Pharmacophore development and validation
Drug discovery, including the look for potential inhibitors of the SARS-CoV-2 major protease, requires the development and confirmation of pharmacophores (74). The structural and physicochemical characteristics of a molecule needed to interact with a particular biological target are represented by a pharmacophore (74,75). In order to build a pharmacophore, a group of molecules that are known to be active against the target must be examined for commonalities that can be used to drive the development of novel inhibitors utilizing computational techniques like molecular docking, dynamics simulations, and QSAR analysis (76).
An essential phase of pharmacophore development is pharmacophore validation. By comparing the projected activity of a test set of compounds with known activity against the target to their actual activity, this procedure evaluates the pharmacophore model's predictive ability (77). The activity of the test set of molecules should be correctly predicted using a suitable pharmacophore model. In order to be sure that the established model can reliably identify possible inhibitors, pharmacophore validation is essential (78).
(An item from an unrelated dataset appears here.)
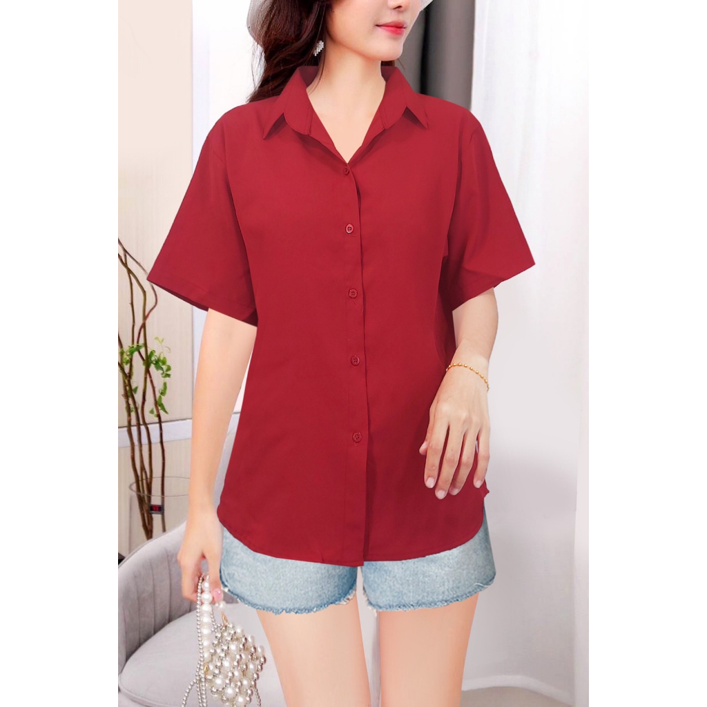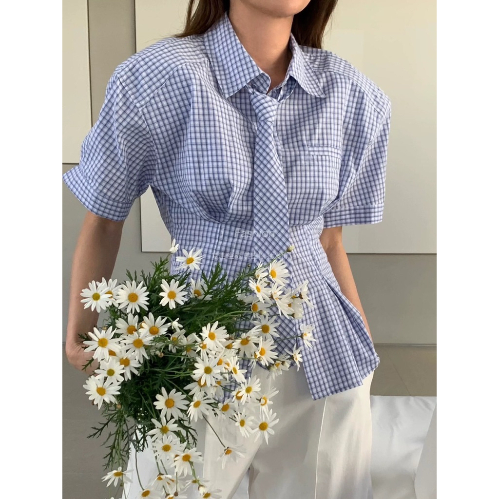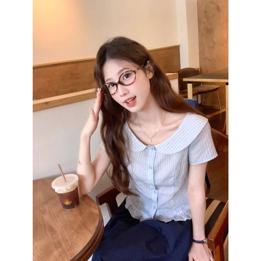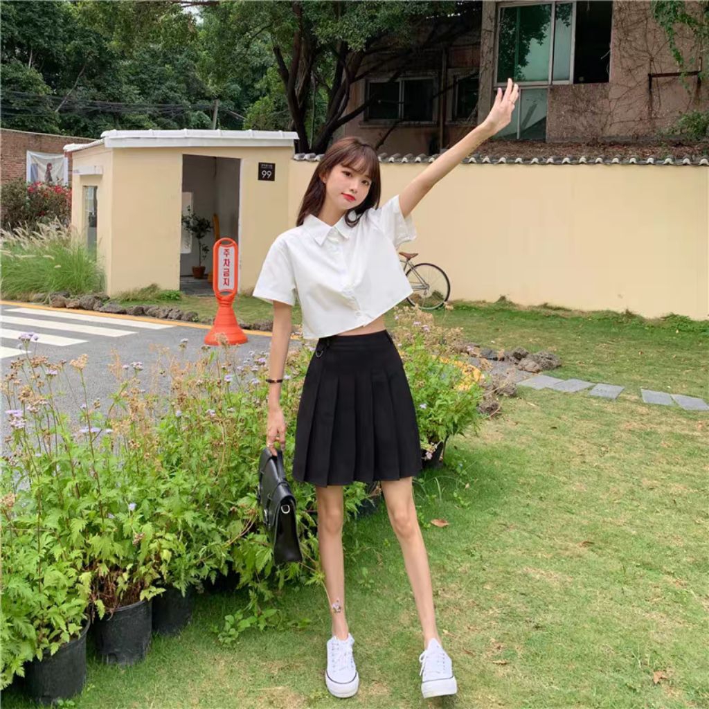 💥เสื้อเชิ้ตครอปผู้หญิงสีขาว แขนสั้น แฟชั่นเกาหลี เนื้อผ้าใส่สบายรีดง่ายยับยาก KT05

The primary protease inhibitors of SARS-CoV-2 have been modeled using a variety of pharmacophores (79). One such study created a pharmacophore model using a dataset of 130 substances with known inhibitory action against the protease (80). Inhibitory activity required a number of key characteristics, including a hydrogen bond acceptor, a hydrophobic area, and a carboxylic acid group, according to the study (81,82).
These pharmacophore models are useful for guiding the design of new molecules with improved inhibitory activity and selectivity against SARS-CoV-2 main protease, providing a new and effective tool for drug discovery (35,81).
VIII. 
ADMET
A key idea in drug development is ADMET, which entails evaluating a compound's pharmacokinetic and pharmacodynamic characteristics (83). Absorption, distribution, metabolism, excretion, and toxicity, or ADMET, is a concept that is particularly pertinent to the creation of SARS-CoV-2 Main protease inhibitors (84). A compound's fate in the body is determined by its ADMET qualities, which are crucial in determining the medication's safety and effectiveness (85).
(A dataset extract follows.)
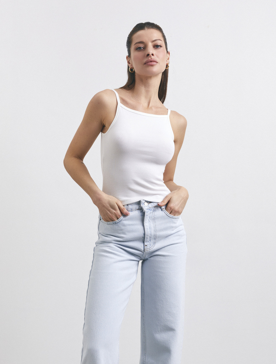 Эта майка - идеальный пример базовой одежды, которая всегда в тренде. Благодаря комфортному составу она приятна к телу и хорошо садится по фигуре. Майка имеет высокий прямоугольный вырез, который выглядит сдержанно и стильно, добавляя образу аккуратности и лаконичности. Он прекрасно подчеркивает ключицы и подходит к одежде в разном стиле. Эта модель настолько универсальна, что ты можешь носить ее как в спортзал, так и на прогулку или даже вечеринку. Сочетай с джинсами для casual-образа, добавь стильный жакет и аксессуары - и ты готова покорять мир!

The process by which a substance enters the body and is absorbed into the bloodstream is called absorption (85,86). A SARS-CoV-2 Main protease inhibitor's oral bioavailability is an important factor to take into account because it affects how much of the medication gets to the body's site of action (87). Compounds with poor oral bioavailability may require higher doses or alternative routes of administration.
The term "distribution" describes how a substance is moved around and disseminated all over the body (88). The chemical should have good distribution to the respiratory system, where the virus replicates, in the case of SARS-CoV-2 Main protease inhibitors (89). This is crucial to ensuring that the medication effectively reaches the intended place.
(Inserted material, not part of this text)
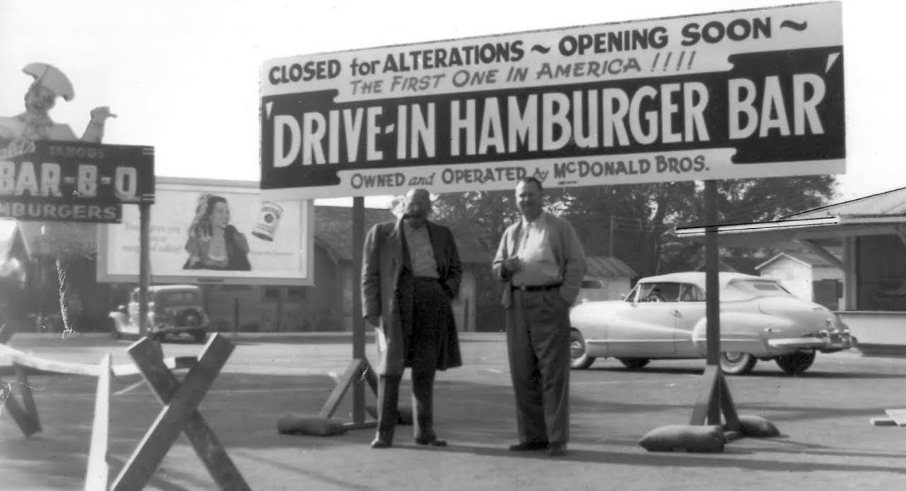 очередей и вечно занятой парковки, но можно и оптимизировать — например, сделать функцию заказа прямо из авто. Открытие первого McDrive и братья Макдоналдс на фоне вывески: Те, кто внимательно читал, спросят: почему это не ТРИЗ, здесь же про оптимизацию? Дело в том, что в ТРИЗ важен идеальный результат, а система

The processes by which a substance is disintegrated and expelled from the body include metabolism and excretion (90). The effectiveness of the medication and its potential for toxicity can both be impacted by metabolism. The substance must produce no hazardous metabolites and should break down in a predictable manner. Excretion is crucial to avoiding drug accumulation, which can result in toxicity (91).
In conclusion, ADMET characteristics are important for the creation of SARS-CoV-2 Main protease inhibitors. Knowing the compound's absorption, distribution, metabolism, excretion, and toxicity in great detail can assist make sure the medication is both efficient and safe for usage in people. In order to maximize the compound's pharmacokinetic and pharmacodynamic features, ADMET considerations should be incorporated into the drug design and development process (90-92).
IX. 
Virtual screening
In the early stages of drug discovery, virtual screening is a promising computer strategy for identifying new drug candidates (38,93). In the virtual screening procedure, computer-based algorithms are often used to forecast the binding affinity of a large number of compounds to a particular protein or receptor (94). Virtual screening can be used to find substances that can selectively target and block the protease, which is essential for the virus's reproduction, in SARS-CoV-2 Main inhibitors (95).
A library of compounds must be chosen and prepared for virtual screening, a 3D model of the target protein must be created, and then the compounds must be molecularly docked into the protein's active site (96,97). The most promising compounds are then chosen for additional testing based on the ranking of the compounds based on their expected binding affinities (98). This strategy makes it easier for researchers to quickly test a large number of chemicals for possible inhibitors.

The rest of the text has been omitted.